▶ _ABOUT THIS EXERCISE_:
Please copy, exactly as they appear below, the lines from the one containing "新標簽使用從A(最高效)到G" through the one containing "The burning has".

▶ _THE DATA_:
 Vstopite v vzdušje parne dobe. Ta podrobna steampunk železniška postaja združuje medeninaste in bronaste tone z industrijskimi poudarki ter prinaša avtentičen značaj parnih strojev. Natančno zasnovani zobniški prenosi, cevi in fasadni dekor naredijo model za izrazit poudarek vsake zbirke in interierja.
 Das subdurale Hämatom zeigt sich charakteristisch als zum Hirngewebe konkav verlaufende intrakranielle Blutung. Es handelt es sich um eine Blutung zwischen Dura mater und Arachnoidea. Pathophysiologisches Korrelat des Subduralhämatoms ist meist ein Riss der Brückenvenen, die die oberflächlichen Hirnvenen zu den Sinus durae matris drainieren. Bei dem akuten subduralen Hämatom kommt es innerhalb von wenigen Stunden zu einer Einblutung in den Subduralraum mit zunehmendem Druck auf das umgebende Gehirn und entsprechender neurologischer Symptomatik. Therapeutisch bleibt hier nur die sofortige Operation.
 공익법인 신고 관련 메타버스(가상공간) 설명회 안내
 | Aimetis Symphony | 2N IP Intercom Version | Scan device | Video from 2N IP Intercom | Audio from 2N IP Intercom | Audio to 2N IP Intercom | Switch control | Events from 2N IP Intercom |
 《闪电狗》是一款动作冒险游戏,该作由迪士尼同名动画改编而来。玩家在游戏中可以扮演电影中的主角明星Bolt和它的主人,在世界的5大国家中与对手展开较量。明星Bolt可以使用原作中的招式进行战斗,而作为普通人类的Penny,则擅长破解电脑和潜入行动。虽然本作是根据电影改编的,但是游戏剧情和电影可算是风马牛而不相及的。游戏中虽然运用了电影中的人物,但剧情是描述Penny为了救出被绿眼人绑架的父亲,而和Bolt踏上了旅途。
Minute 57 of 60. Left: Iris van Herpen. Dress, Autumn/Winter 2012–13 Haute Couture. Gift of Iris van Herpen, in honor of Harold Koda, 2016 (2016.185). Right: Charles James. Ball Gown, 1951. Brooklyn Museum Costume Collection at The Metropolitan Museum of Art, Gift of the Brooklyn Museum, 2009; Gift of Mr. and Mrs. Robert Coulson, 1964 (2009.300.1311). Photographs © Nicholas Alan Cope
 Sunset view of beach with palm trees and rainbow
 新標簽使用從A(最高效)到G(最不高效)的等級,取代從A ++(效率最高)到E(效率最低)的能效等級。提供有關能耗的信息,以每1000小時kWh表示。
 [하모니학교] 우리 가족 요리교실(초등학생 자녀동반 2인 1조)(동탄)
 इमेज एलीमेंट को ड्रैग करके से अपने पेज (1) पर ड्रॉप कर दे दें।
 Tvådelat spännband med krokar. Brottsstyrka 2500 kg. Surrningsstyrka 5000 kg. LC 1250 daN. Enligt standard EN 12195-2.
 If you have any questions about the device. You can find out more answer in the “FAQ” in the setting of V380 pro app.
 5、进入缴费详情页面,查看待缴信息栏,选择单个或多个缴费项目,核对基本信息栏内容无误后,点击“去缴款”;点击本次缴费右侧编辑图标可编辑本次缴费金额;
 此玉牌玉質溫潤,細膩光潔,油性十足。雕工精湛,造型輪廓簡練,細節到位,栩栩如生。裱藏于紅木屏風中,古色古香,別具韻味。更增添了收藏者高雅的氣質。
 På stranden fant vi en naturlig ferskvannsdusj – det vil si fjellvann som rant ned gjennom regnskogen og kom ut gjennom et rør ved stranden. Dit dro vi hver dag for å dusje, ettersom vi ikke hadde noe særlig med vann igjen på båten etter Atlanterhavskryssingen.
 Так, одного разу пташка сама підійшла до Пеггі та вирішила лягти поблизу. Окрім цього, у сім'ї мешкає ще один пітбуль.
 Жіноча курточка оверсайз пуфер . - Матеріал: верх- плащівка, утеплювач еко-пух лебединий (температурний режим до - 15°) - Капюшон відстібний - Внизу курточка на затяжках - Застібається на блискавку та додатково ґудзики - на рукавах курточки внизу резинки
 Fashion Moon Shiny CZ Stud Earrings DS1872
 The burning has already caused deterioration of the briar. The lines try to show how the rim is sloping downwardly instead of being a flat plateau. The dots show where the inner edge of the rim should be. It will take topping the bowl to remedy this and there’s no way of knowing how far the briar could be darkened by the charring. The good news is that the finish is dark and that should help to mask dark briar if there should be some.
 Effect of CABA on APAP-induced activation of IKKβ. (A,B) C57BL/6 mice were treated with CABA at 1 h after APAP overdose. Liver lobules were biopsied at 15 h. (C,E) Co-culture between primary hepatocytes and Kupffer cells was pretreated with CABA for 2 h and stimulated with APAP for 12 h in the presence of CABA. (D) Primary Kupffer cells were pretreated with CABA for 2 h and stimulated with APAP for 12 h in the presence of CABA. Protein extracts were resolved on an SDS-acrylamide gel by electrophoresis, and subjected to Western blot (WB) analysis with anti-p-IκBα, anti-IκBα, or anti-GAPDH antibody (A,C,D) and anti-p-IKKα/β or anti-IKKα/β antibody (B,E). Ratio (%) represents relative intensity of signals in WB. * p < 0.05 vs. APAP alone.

▶ _RESPONSE_:
 新標簽使用從A(最高效)到G(最不高效)的等級,取代從A ++(效率最高)到E(效率最低)的能效等級。提供有關能耗的信息,以每1000小時kWh表示。
 [하모니학교] 우리 가족 요리교실(초등학생 자녀동반 2인 1조)(동탄)
 इमेज एलीमेंट को ड्रैग करके से अपने पेज (1) पर ड्रॉप कर दे दें।
 Tvådelat spännband med krokar. Brottsstyrka 2500 kg. Surrningsstyrka 5000 kg. LC 1250 daN. Enligt standard EN 12195-2.
 If you have any questions about the device. You can find out more answer in the “FAQ” in the setting of V380 pro app.
 5、进入缴费详情页面,查看待缴信息栏,选择单个或多个缴费项目,核对基本信息栏内容无误后,点击“去缴款”;点击本次缴费右侧编辑图标可编辑本次缴费金额;
 此玉牌玉質溫潤,細膩光潔,油性十足。雕工精湛,造型輪廓簡練,細節到位,栩栩如生。裱藏于紅木屏風中,古色古香,別具韻味。更增添了收藏者高雅的氣質。
 På stranden fant vi en naturlig ferskvannsdusj – det vil si fjellvann som rant ned gjennom regnskogen og kom ut gjennom et rør ved stranden. Dit dro vi hver dag for å dusje, ettersom vi ikke hadde noe særlig med vann igjen på båten etter Atlanterhavskryssingen.
 Так, одного разу пташка сама підійшла до Пеггі та вирішила лягти поблизу. Окрім цього, у сім'ї мешкає ще один пітбуль.
 Жіноча курточка оверсайз пуфер . - Матеріал: верх- плащівка, утеплювач еко-пух лебединий (температурний режим до - 15°) - Капюшон відстібний - Внизу курточка на затяжках - Застібається на блискавку та додатково ґудзики - на рукавах курточки внизу резинки
 Fashion Moon Shiny CZ Stud Earrings DS1872
 The burning has already caused deterioration of the briar. The lines try to show how the rim is sloping downwardly instead of being a flat plateau. The dots show where the inner edge of the rim should be. It will take topping the bowl to remedy this and there’s no way of knowing how far the briar could be darkened by the charring. The good news is that the finish is dark and that should help to mask dark briar if there should be some.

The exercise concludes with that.